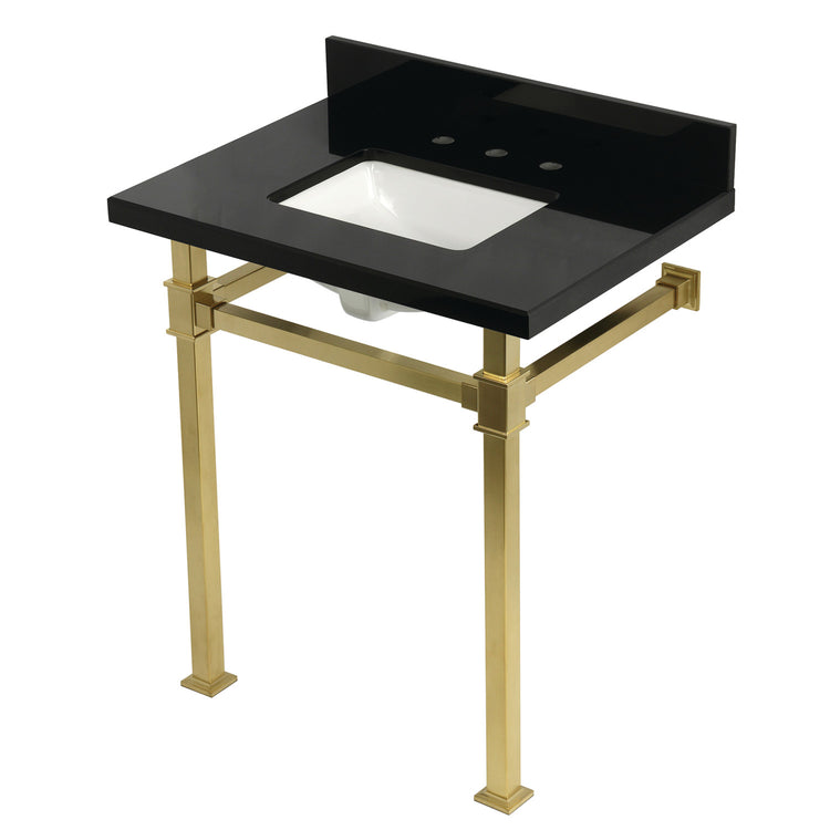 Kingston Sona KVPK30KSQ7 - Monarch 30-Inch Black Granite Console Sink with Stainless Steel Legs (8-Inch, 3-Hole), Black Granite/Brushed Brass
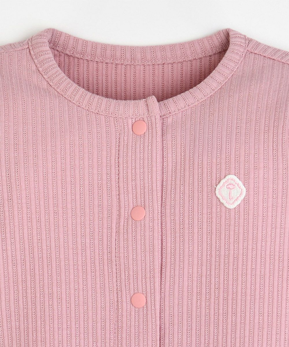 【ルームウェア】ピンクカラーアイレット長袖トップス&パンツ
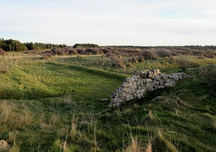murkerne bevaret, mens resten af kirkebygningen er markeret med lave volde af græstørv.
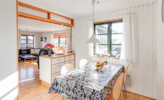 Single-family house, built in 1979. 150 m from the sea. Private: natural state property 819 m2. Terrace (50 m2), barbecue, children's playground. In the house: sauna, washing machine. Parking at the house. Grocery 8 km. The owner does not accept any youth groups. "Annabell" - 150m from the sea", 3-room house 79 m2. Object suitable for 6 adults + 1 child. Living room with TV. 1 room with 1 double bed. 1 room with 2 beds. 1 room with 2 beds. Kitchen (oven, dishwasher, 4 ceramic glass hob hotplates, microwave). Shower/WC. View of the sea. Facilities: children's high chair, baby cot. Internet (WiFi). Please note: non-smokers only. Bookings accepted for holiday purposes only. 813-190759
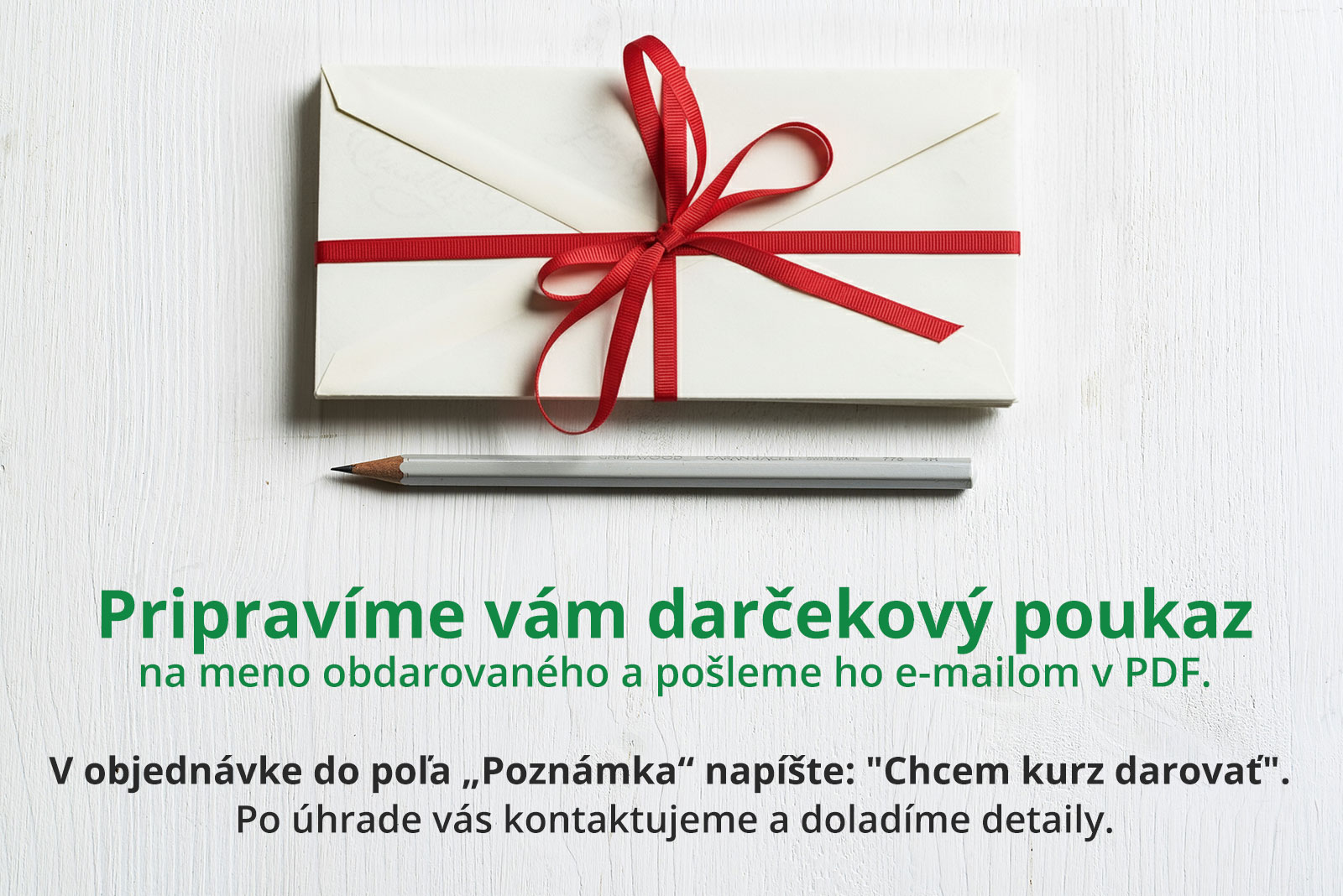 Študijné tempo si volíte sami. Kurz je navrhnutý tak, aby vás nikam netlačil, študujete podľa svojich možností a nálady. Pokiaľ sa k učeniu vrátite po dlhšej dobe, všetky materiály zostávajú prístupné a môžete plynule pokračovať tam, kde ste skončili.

EXERCISE REQUIREMENTS: The required output is the exact lines from the opening line of the entries through the line with "Single-family house, built", inclusive, without pictures.

SOLUTION:
 Kingston Sona KVPK30KSQ7 - Monarch 30-Inch Black Granite Console Sink with Stainless Steel Legs (8-Inch, 3-Hole), Black Granite/Brushed Brass
 【ルームウェア】ピンクカラーアイレット長袖トップス&パンツ
murkerne bevaret, mens resten af kirkebygningen er markeret med lave volde af græstørv.
 Single-family house, built in 1979. 150 m from the sea. Private: natural state property 819 m2. Terrace (50 m2), barbecue, children's playground. In the house: sauna, washing machine. Parking at the house. Grocery 8 km. The owner does not accept any youth groups. "Annabell" - 150m from the sea", 3-room house 79 m2. Object suitable for 6 adults + 1 child. Living room with TV. 1 room with 1 double bed. 1 room with 2 beds. 1 room with 2 beds. Kitchen (oven, dishwasher, 4 ceramic glass hob hotplates, microwave). Shower/WC. View of the sea. Facilities: children's high chair, baby cot. Internet (WiFi). Please note: non-smokers only. Bookings accepted for holiday purposes only. 813-190759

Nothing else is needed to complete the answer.